THE TASK
Your copy should repeat the data that follows exactly and contain no image.

GIVEN INFORMATION
*** Block opens ***

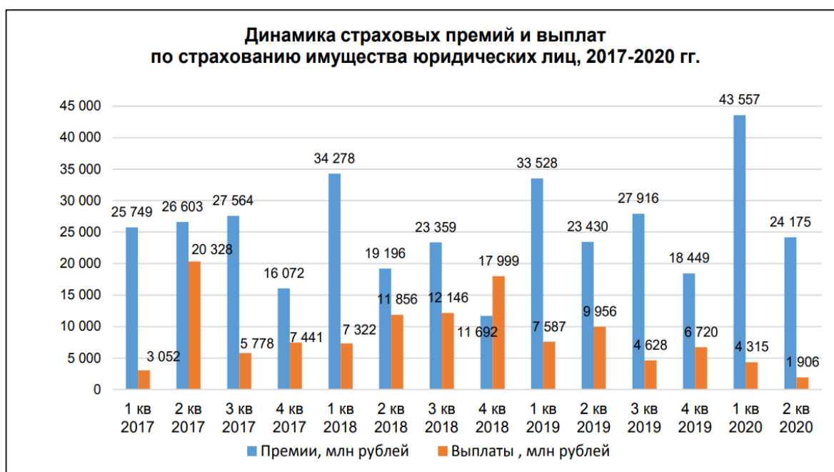
Рисунок 1. Динамика страховых премий и выплат по страхованию имущества юридических лиц, 2017-2020 гг.

Источник: Страховой сектор: задачи сегодняшнего дня и прогнозы. Deloitte.URL: https://www2.deloitte.com/content/dam/Deloitte/ru/Documents/tax/not-home-alone/insurance.pdf (дата обращения: 01.10.2021).
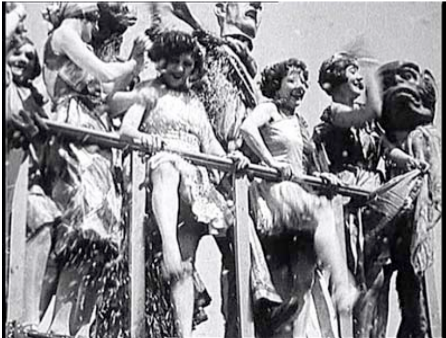
Imagen carnavalesca en À propos de Nice

que el ojo no veía, como las sutilidades de un rostro que expresaban una vida interior. Pero frente a la complejidad de la relación entre objetividad y subjetividad, entre la voluntad del hombre y la máquina, que se observa en Vertov, Vigo se decanta por un cine documental basado en la realidad, pero no exento de un fuerte compromiso: “Este documental exige que se tome postura, porque pone los puntos sobre las íes. Si no implica a un artista, por lo menos implica a un hombre.” (Vigo, 1961).

*** Block closes ***

RESPONSE FOR THIS EXERCISE
Рисунок 1. Динамика страховых премий и выплат по страхованию имущества юридических лиц, 2017-2020 гг.

Источник: Страховой сектор: задачи сегодняшнего дня и прогнозы. Deloitte.URL: https://www2.deloitte.com/content/dam/Deloitte/ru/Documents/tax/not-home-alone/insurance.pdf (дата обращения: 01.10.2021).
Imagen carnavalesca en À propos de Nice

que el ojo no veía, como las sutilidades de un rostro que expresaban una vida interior. Pero frente a la complejidad de la relación entre objetividad y subjetividad, entre la voluntad del hombre y la máquina, que se observa en Vertov, Vigo se decanta por un cine documental basado en la realidad, pero no exento de un fuerte compromiso: “Este documental exige que se tome postura, porque pone los puntos sobre las íes. Si no implica a un artista, por lo menos implica a un hombre.” (Vigo, 1961).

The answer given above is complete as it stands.